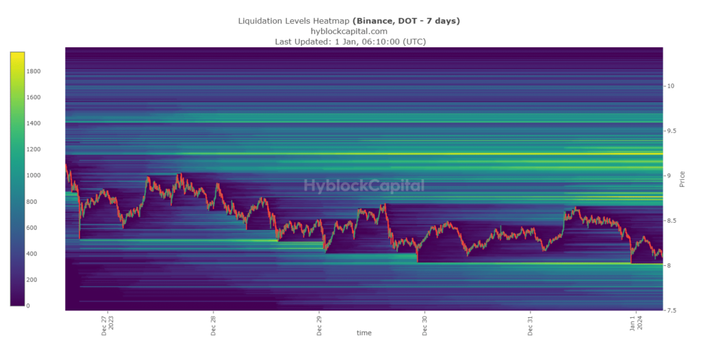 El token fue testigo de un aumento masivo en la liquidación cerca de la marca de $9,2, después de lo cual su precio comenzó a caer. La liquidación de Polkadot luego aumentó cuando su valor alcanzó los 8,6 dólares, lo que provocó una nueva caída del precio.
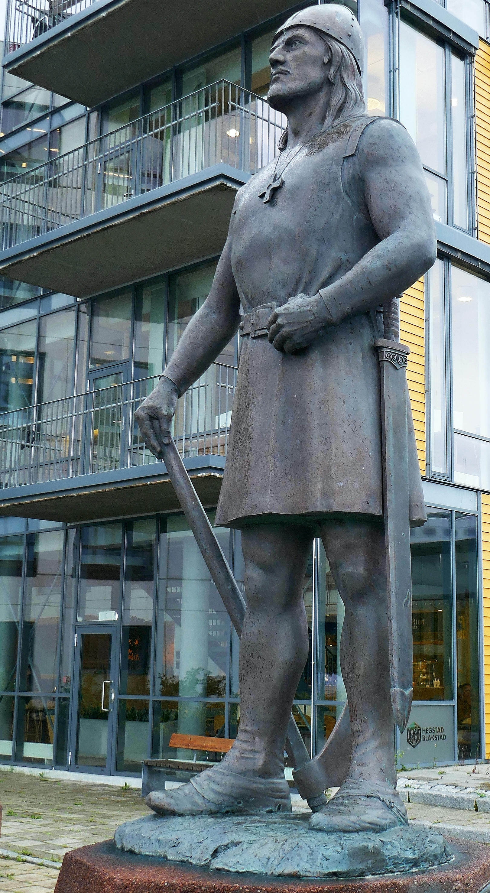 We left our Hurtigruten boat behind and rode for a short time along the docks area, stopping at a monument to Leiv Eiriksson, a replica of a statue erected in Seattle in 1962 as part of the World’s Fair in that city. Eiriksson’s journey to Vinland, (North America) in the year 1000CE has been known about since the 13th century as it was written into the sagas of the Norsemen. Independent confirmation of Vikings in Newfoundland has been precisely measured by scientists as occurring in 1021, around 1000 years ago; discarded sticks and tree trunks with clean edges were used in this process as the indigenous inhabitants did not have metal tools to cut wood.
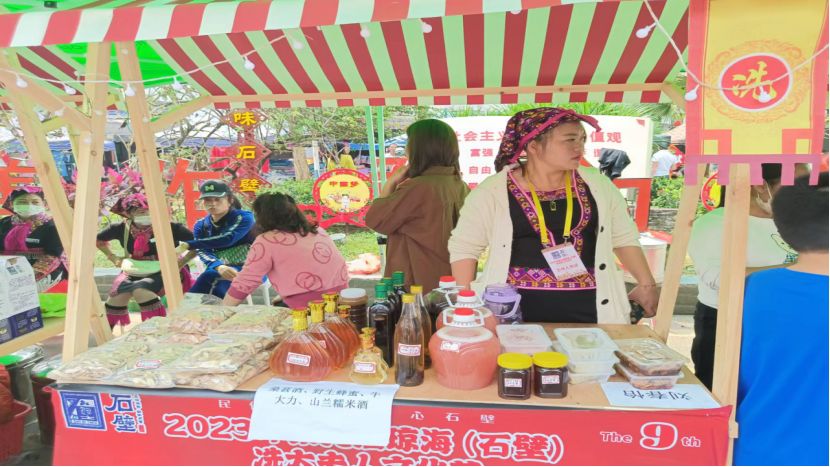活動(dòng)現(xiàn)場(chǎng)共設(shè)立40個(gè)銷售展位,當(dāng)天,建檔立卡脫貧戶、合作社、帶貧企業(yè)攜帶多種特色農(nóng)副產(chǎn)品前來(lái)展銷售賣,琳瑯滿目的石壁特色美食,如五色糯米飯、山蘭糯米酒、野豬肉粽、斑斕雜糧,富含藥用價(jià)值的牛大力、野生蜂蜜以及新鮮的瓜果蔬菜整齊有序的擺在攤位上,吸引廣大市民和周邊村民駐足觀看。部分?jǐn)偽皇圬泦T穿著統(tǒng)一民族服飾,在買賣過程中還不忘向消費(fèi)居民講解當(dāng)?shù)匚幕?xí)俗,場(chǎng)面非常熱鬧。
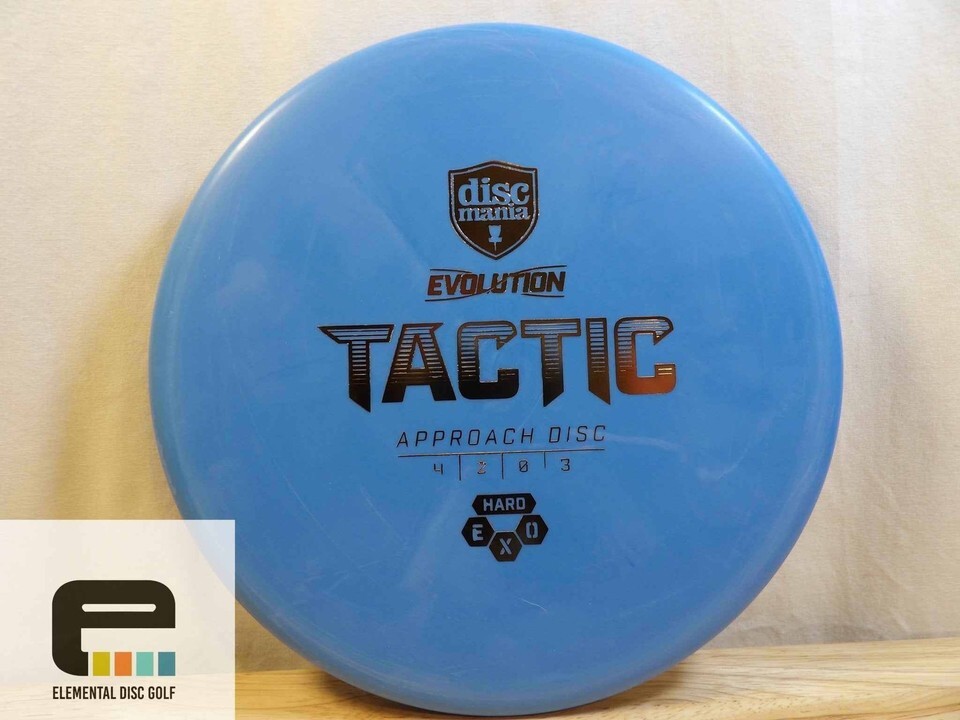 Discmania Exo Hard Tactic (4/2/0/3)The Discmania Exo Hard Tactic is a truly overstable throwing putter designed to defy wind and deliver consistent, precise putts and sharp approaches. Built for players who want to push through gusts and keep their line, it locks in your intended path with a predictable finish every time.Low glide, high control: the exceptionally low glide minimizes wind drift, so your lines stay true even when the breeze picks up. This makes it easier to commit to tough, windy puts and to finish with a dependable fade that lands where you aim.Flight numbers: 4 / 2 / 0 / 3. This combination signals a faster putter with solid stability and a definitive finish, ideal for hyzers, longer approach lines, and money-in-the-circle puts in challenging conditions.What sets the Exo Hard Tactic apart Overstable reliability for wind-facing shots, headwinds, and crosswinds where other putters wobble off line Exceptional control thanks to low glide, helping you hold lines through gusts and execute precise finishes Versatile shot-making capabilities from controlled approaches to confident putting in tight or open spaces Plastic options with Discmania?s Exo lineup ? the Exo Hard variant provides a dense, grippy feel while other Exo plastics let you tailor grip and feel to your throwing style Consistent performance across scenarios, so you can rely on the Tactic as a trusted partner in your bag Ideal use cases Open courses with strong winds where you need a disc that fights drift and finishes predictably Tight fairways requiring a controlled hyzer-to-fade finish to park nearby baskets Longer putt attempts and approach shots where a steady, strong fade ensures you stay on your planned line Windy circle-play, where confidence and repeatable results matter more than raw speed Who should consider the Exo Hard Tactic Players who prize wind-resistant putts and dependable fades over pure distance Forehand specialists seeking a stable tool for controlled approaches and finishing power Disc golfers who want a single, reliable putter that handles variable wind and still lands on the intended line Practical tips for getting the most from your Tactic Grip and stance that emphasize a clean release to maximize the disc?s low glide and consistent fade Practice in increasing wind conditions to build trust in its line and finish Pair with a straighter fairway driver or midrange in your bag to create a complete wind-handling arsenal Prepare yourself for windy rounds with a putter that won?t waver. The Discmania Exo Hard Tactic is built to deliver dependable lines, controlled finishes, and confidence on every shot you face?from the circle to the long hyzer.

-=-=-

§ TASK BRIEF: Treat the line with "We left our" as the start and the line with "活動(dòng)現(xiàn" as the end, and return exactly that span of the data above, both ends included, without pictures.

§ WRITTEN ANSWER:
 We left our Hurtigruten boat behind and rode for a short time along the docks area, stopping at a monument to Leiv Eiriksson, a replica of a statue erected in Seattle in 1962 as part of the World’s Fair in that city. Eiriksson’s journey to Vinland, (North America) in the year 1000CE has been known about since the 13th century as it was written into the sagas of the Norsemen. Independent confirmation of Vikings in Newfoundland has been precisely measured by scientists as occurring in 1021, around 1000 years ago; discarded sticks and tree trunks with clean edges were used in this process as the indigenous inhabitants did not have metal tools to cut wood.
活動(dòng)現(xiàn)場(chǎng)共設(shè)立40個(gè)銷售展位,當(dāng)天,建檔立卡脫貧戶、合作社、帶貧企業(yè)攜帶多種特色農(nóng)副產(chǎn)品前來(lái)展銷售賣,琳瑯滿目的石壁特色美食,如五色糯米飯、山蘭糯米酒、野豬肉粽、斑斕雜糧,富含藥用價(jià)值的牛大力、野生蜂蜜以及新鮮的瓜果蔬菜整齊有序的擺在攤位上,吸引廣大市民和周邊村民駐足觀看。部分?jǐn)偽皇圬泦T穿著統(tǒng)一民族服飾,在買賣過程中還不忘向消費(fèi)居民講解當(dāng)?shù)匚幕?xí)俗,場(chǎng)面非常熱鬧。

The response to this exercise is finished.